## What the task asks
Would you reproduce, word for word, only the lines running from the top of the data through the line containing "Mukana myös irrotettavat", and none of the pictures?

## Collected data entries
○ ○ ○ ○ ○ ○ ○

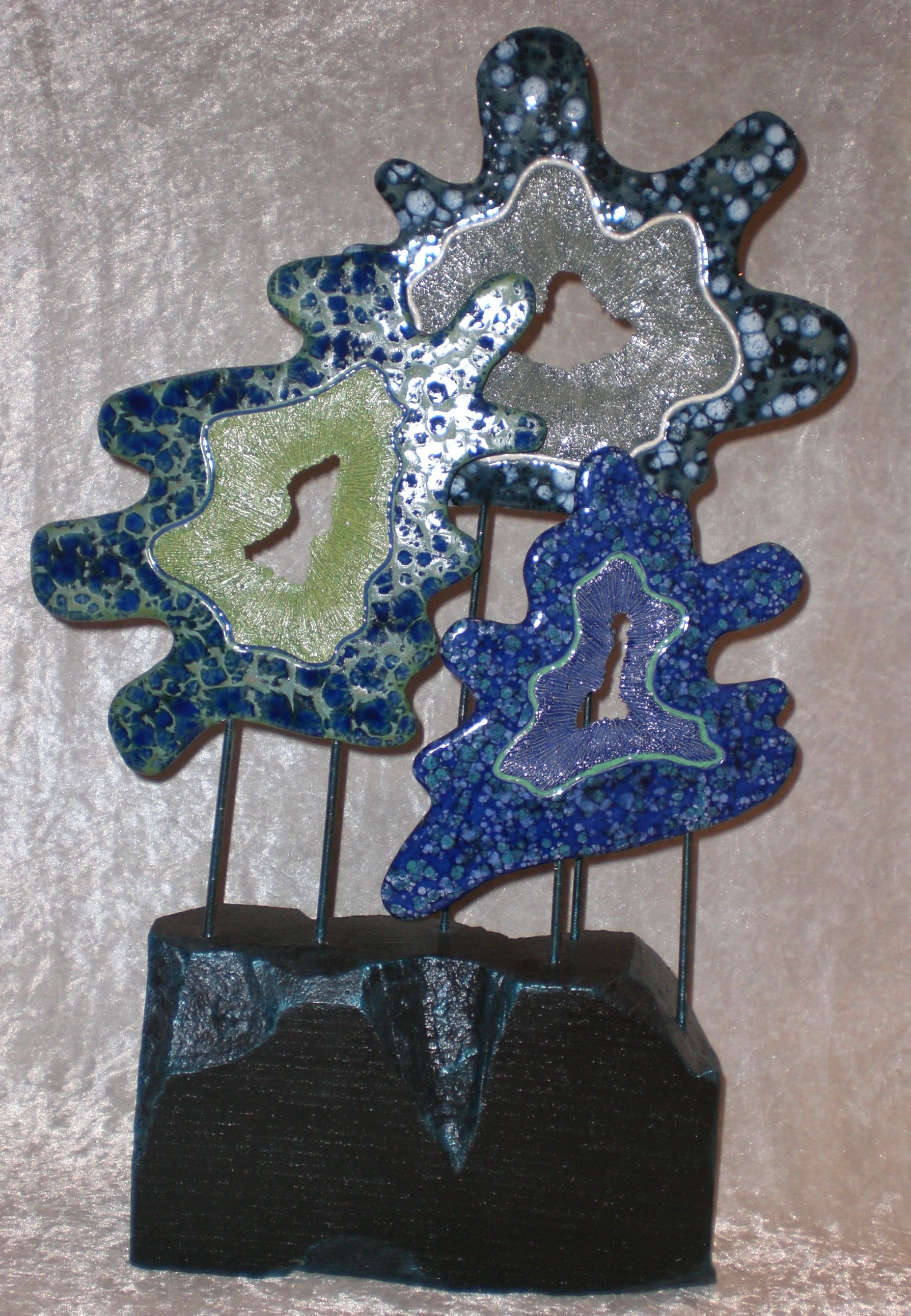 Ontdekking van de oervorm begint bij de amoebes. Deze vormen zijn kenmerkend door de uitstulpingen De afwerking is in een kristalglazuur, gezet op steen.
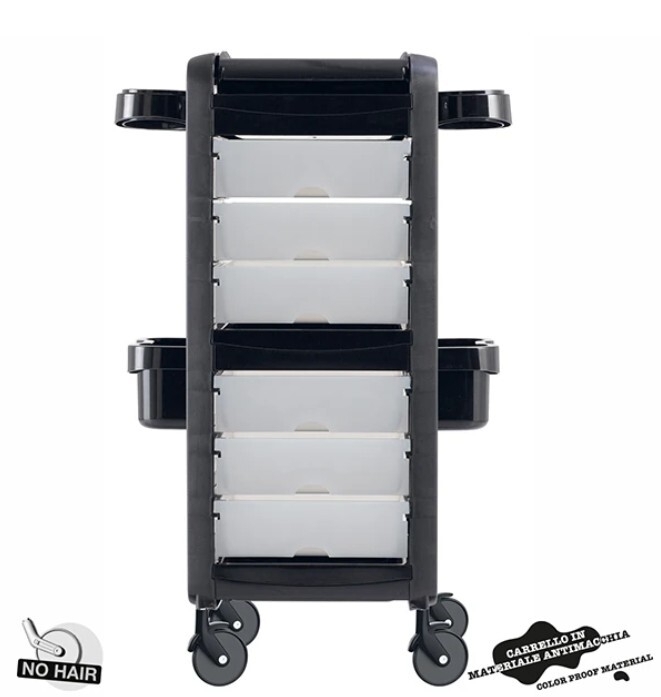 Mukana myös irrotettavat sivutuet, joihin voi sijoittaa kanistereita, pulloja, hiustenkuivaajia ja suoristusrautoja. Tämä kampaamokärry, joka on saatavilla useissa eri väreissä, on varustettu Ceriottin ainutlaatuisilla NO-HAIR- korkeilla pyörillä. Ne ovat ohuempia kuin tavalliset pyörät, mikä vähentää lattian kanssa kosketusta ja siten hiusten kertymistä, pitäen pyörät puhtaina ja tehokkaina.
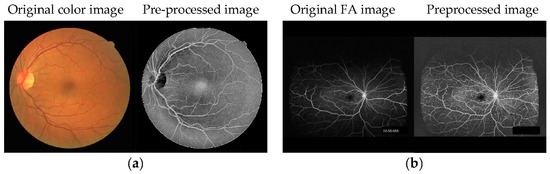 For U-Net training, 40 RGB color retinal images from color photographs of the Digital Retinal Images for Vessel Extraction (DRIVE) database [17] and 20 images from the Structured Analysis of the Retina (STARE) database [18] were used as training data for learning how to use the U-Net network. Each database includes manual vessel segmentation images by experts. The resolution of DRIVE images is 565 × 584 pixels and STARE images are 700 × 605 pixels. The resolution of FA images is 2500–4000 × 2500–4000 pixels; thus, the input size of U-Net was unified at 1024 × 1024 pixels. The training images were converted to 1024 × 1024 pixels by zero-padding of peripheral pixels. The fundus region of the training images was not enlarged to prevent the vascular width increasing. On the other hand, test images were reduced to 1024 × 1024 pixels, and their vascular width was also narrow. In order for the FA images to resemble RGB color images, as shown in Figure 1a, RGB images were pre-processed as follows. Grayscale images were generated after reading the RGB color fundus images. To improve limb darkening of the fundus image, contrast limited adaptive histogram equalization (CLAHE), as a histogram flattening method, was used for enhancement of the contrast in local areas of the fundus images. After that, gamma correction was used to adjust the intensity values, and negative-positive inversion was performed. U-Net was trained using these 60 pre-processed RGB color retinal images without FA images.
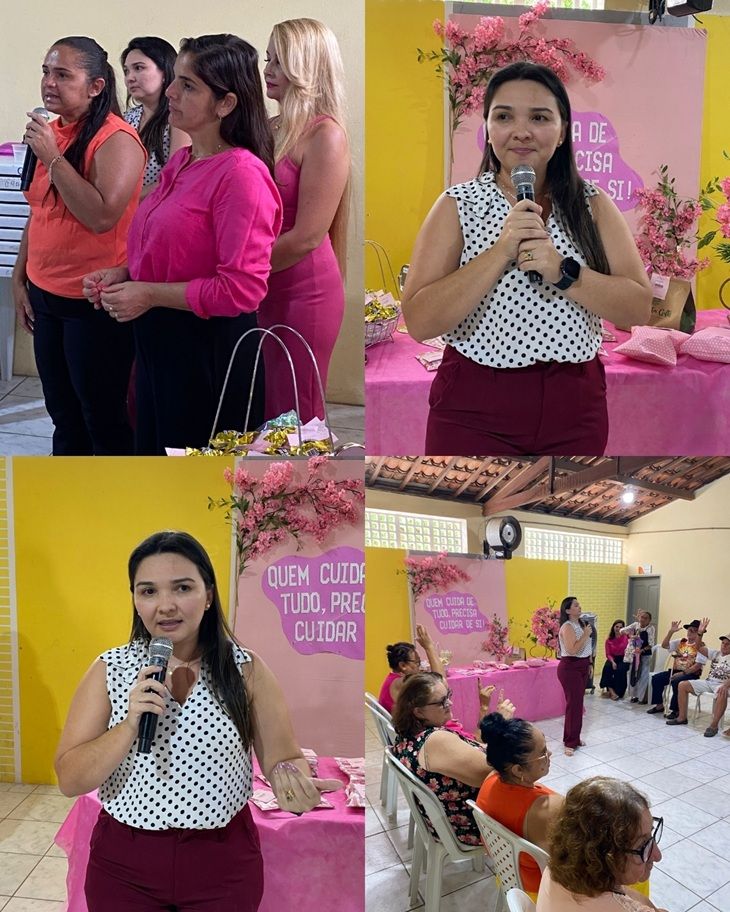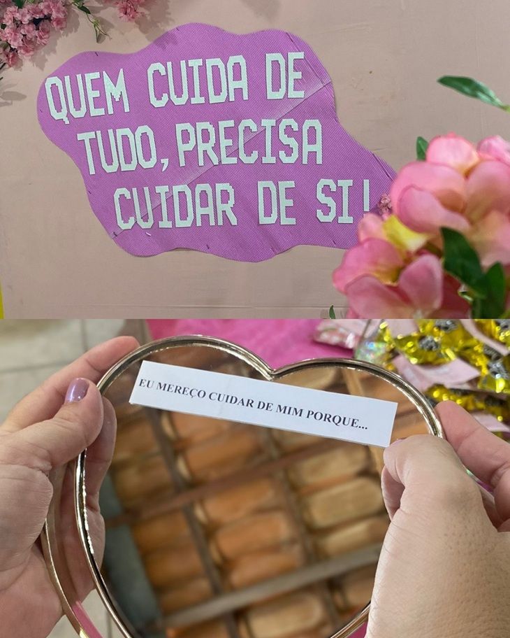 A atividade foi conduzida a partir do tema “Quem cuida de tudo, precisa cuidar de si”, trazendo uma reflexão sobre autocuidado, valorização pessoal e saúde emocional das mulheres.
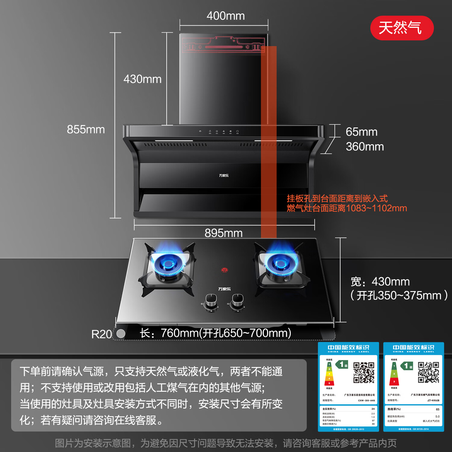 万家乐烟灶热三件套 26立方顶侧双吸油烟机50L扁桶WIFI智控电热水器套装AK6+KV063B+50FB2天然气价格:3099.00元!

○ ○ ○ ○ ○ ○ ○

## Your solution
 Ontdekking van de oervorm begint bij de amoebes. Deze vormen zijn kenmerkend door de uitstulpingen De afwerking is in een kristalglazuur, gezet op steen.
 Mukana myös irrotettavat sivutuet, joihin voi sijoittaa kanistereita, pulloja, hiustenkuivaajia ja suoristusrautoja. Tämä kampaamokärry, joka on saatavilla useissa eri väreissä, on varustettu Ceriottin ainutlaatuisilla NO-HAIR- korkeilla pyörillä. Ne ovat ohuempia kuin tavalliset pyörät, mikä vähentää lattian kanssa kosketusta ja siten hiusten kertymistä, pitäen pyörät puhtaina ja tehokkaina.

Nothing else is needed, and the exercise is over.